多くの大下宇陀児長篇に通底するラブロマンス・サスペンス。主人公汐見史郎&比企栄子の立場からしたら純愛なのだけど、ちょっと見方を変えてみれば栄子は不倫している立場でもある。「幽霊薬局」は1938年(昭和13年)に連載されており、作家が自由に小説を書きづらくなってくる年代だけど、時期的にギリギリ「不倫なんて書いてはいかん!」とお上に警告されずに済んだのだろうか。不倫という観点からすると、本作のラストはドイルのある短篇の殺人方法を想起させる。総じて特に優れた長篇ともいえないけれど、宇陀児のストーリーテリングのうまさでスイスイ読んでしまう。
◆「脫獄囚」
今日の記事のメインディッシュ。近年になって、ようやく宇陀児作品には改稿ヴァリアントがある事がちょくちょく語られるようになってきた。「脱獄囚」は何年も前に、私が初めて宇陀児の作品改稿を意識するきっかけになった短篇。この作品がどのような変遷を辿っているか、記してみよう。
A 雑誌『キング』掲載「脫獄囚」
1936年11月臨時増刊号 初出誌
これは持ってないので未見。初出誌を入手しテキストを検証してからこの記事を書こうと考えていたが、入手する前にupしてしまった。読者諒セヨ。
B 『幽霊薬局』収録「脫獄囚」
1939年1月発行 八紘社大陸版(本書) 単行本初収録
上記の『キング』を見ていないから断定はできないけれど、おそらく初出誌と同じテキストではないかと想像する。
C 『緑の奇蹟』収録「巡業劇團」
1942年5月発行 大都書房
ここでタイトルが「脫獄囚」から「巡業劇團」へと変更。いつもの如く、お上のプレッシャーによるものであろう事は想像に難くない。小見出しを比較してみる。

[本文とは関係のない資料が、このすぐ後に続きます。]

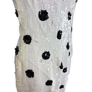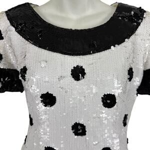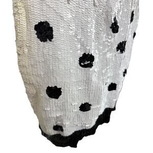 This Black Tie Oleg Cassini Vintage dress is a stunning formal piece made from 100% silk, featuring allover sequin dots for a touch of glamour. The white dress in size 10 has a high neck, short sleeves, and a zip closure at the back. Perfect for weddings, parties, or other formal occasions, this vintage dress exudes elegance and sophistication. The sheath style and lined interior make it a timeless addition to any wardrobe, ideal for summer, fall, or spring events. Designed by the renowned brand Oleg Cassini, this dress is a true statement piece that requires dry cleaning to maintain its impeccable quality.

『幽霊薬局』「脫獄囚」 → 『緑の奇蹟』「巡業劇團」
巡業劇團 一、困つた少年
意外な贈物 二、意外な贈物
峠越え 三、峠越え
惡鬼 四、惡鬼
屍衣を着る 五、不幸な着物
エピローグ 六、結び
『緑の奇蹟』が発売された昭和17年の日本は軍事統制下にあり、『幽霊薬局』収録の「脫獄囚」にはなかった〝軍人〟だとか〝産業戦士〟という単語が目に付くようになるばかりでなく、削除され新たに書き加えられた文章もある。
D 『烙印』収録「巡業劇團」
1949年10月発行 岩谷選書 3
〝戰時中(「脫獄囚」を再び)單行本に入れることになり、内容を少し變更した。〟
〝女優に戀する少年が時局上そのままではお叱りを受ける恐れがあり、一部書き直したり題名も「巡業劇團」に改めた。こっちの題のほうがよいと思う。〟
〝内容は(この岩谷選書版では)發表當時の状態に戻した。そのうち、また書き改めたい。〟
と宇陀児は述べているが、岩谷選書「巡業劇團」の最初の小見出しは初刊時の〈巡業劇團〉ではなく〈少年と女優〉となっていたりして、そっくりそのまま元に戻っている訳ではない。
このように戦前の作品の中で、どのテキストがどのように変化しているか、探してみるのも楽しいと思う。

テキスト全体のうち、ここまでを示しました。